= Theresa Castro =

Theresa Castro (February 15, 1917 – March 2, 2002), was the wife of Bernard Castro, the inventor of the Castro Convertible sofa.

Theresa was born Theresa Barabas on a dairy farm outside McKeesport, Pennsylvania, on February 15, 1917. Her father was Hungarian and her mother Austrian. At the age of 13, Theresa entered a convent to fulfill a promise her mother had made to an order of nuns. She eventually left, promising her mother that she would 'do more good from outside the cloistered walls.' Bernard Castro married Theresa Barabas on Valentine’s Day 1942. Their two children were Bernard Jr. and Bernadette. Bernard Jr. died at the age of 26.
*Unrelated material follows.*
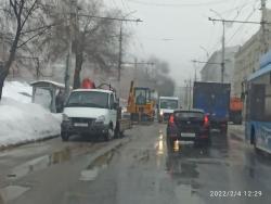 На улице Чернышевского, не доезжая улицы Радищева, произошла коммунальная авария. Работники ООО «КВС» разрыли котлован на полосе движения общественного транспорта. В результате, чтобы маршруткам, автобусам, троллейбусам объехать место аварии, нужно выезжать на встречку. Таким образом, движение на этом участке затруднено. Об этом сообщают очевидцы.
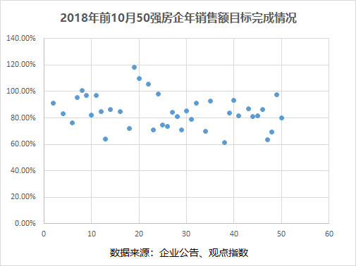 鮮有人留意到,對(duì)中游房企們而言,在下行的環(huán)境中苦苦追趕,完成年初目標(biāo)似乎成了難題。據(jù)觀點(diǎn)指數(shù)不完全統(tǒng)計(jì),截至10月底,在前50強(qiáng)房企中,有披露過全年目標(biāo)卻完成不足8成的共有13家,且多集中在20-50位,有的甚至完成不到70%。

Bernadette became famous in the New York Metropolitan Areas as the 4 year old living trademark of the company. It was Theresa’s idea to use their daughter Bernadette, starting at the age of 4, with her white nightgown and sausage curls, in television commercials for the sofas as the company’s living trademark. The commercial – shown 40,000 times in various forms – was one of the first local advertisements to run on television and was said to be the first to feature a child. Theresa assisted Bernard answering the phones and stuffing cushions in the young company, which eventually became a retailer and manufacturer of fine convertible furniture – Castro Convertibles.

Theresa was an original investor and the first Chairmen of the Board of Gold Coast Magazine in Fort Lauderdale, Florida, which is celebrating its 50th anniversary in 2015. She was also a huge supporter of Ocala Magazine in Ocala, Florida.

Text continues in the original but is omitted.